**What this task involves**:
Return the records verbatim.

**Extracted records**:
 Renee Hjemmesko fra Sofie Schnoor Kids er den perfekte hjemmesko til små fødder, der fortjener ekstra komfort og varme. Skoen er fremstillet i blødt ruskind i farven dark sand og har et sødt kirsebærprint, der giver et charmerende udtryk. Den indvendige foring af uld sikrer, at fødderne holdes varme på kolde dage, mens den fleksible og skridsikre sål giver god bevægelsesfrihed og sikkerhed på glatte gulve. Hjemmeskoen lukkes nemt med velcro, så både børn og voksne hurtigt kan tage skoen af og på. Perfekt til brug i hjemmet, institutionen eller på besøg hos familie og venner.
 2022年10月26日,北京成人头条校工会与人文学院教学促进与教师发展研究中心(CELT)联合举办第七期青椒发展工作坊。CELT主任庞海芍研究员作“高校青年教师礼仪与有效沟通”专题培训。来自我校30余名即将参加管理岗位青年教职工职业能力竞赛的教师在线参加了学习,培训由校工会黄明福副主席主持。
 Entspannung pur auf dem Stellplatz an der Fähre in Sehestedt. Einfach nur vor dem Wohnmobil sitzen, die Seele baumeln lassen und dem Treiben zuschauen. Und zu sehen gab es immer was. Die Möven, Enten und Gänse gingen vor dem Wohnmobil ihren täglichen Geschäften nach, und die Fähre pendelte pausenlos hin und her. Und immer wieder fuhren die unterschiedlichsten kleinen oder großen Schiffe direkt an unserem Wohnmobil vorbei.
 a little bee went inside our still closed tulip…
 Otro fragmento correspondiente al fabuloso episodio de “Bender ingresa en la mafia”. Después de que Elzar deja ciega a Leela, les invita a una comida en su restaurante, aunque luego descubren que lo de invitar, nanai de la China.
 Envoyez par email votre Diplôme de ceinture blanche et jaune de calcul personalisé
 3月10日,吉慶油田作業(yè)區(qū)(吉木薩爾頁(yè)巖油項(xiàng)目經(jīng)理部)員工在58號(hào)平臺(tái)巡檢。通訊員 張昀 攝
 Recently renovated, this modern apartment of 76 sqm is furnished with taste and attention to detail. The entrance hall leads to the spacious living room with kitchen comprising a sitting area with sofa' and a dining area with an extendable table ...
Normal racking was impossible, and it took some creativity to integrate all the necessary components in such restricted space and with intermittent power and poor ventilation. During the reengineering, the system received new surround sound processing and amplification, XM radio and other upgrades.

**Response area**:
 Renee Hjemmesko fra Sofie Schnoor Kids er den perfekte hjemmesko til små fødder, der fortjener ekstra komfort og varme. Skoen er fremstillet i blødt ruskind i farven dark sand og har et sødt kirsebærprint, der giver et charmerende udtryk. Den indvendige foring af uld sikrer, at fødderne holdes varme på kolde dage, mens den fleksible og skridsikre sål giver god bevægelsesfrihed og sikkerhed på glatte gulve. Hjemmeskoen lukkes nemt med velcro, så både børn og voksne hurtigt kan tage skoen af og på. Perfekt til brug i hjemmet, institutionen eller på besøg hos familie og venner.
 2022年10月26日,北京成人头条校工会与人文学院教学促进与教师发展研究中心(CELT)联合举办第七期青椒发展工作坊。CELT主任庞海芍研究员作“高校青年教师礼仪与有效沟通”专题培训。来自我校30余名即将参加管理岗位青年教职工职业能力竞赛的教师在线参加了学习,培训由校工会黄明福副主席主持。
 Entspannung pur auf dem Stellplatz an der Fähre in Sehestedt. Einfach nur vor dem Wohnmobil sitzen, die Seele baumeln lassen und dem Treiben zuschauen. Und zu sehen gab es immer was. Die Möven, Enten und Gänse gingen vor dem Wohnmobil ihren täglichen Geschäften nach, und die Fähre pendelte pausenlos hin und her. Und immer wieder fuhren die unterschiedlichsten kleinen oder großen Schiffe direkt an unserem Wohnmobil vorbei.
 a little bee went inside our still closed tulip…
 Otro fragmento correspondiente al fabuloso episodio de “Bender ingresa en la mafia”. Después de que Elzar deja ciega a Leela, les invita a una comida en su restaurante, aunque luego descubren que lo de invitar, nanai de la China.
 Envoyez par email votre Diplôme de ceinture blanche et jaune de calcul personalisé
 3月10日,吉慶油田作業(yè)區(qū)(吉木薩爾頁(yè)巖油項(xiàng)目經(jīng)理部)員工在58號(hào)平臺(tái)巡檢。通訊員 張昀 攝
 Recently renovated, this modern apartment of 76 sqm is furnished with taste and attention to detail. The entrance hall leads to the spacious living room with kitchen comprising a sitting area with sofa' and a dining area with an extendable table ...
Normal racking was impossible, and it took some creativity to integrate all the necessary components in such restricted space and with intermittent power and poor ventilation. During the reengineering, the system received new surround sound processing and amplification, XM radio and other upgrades.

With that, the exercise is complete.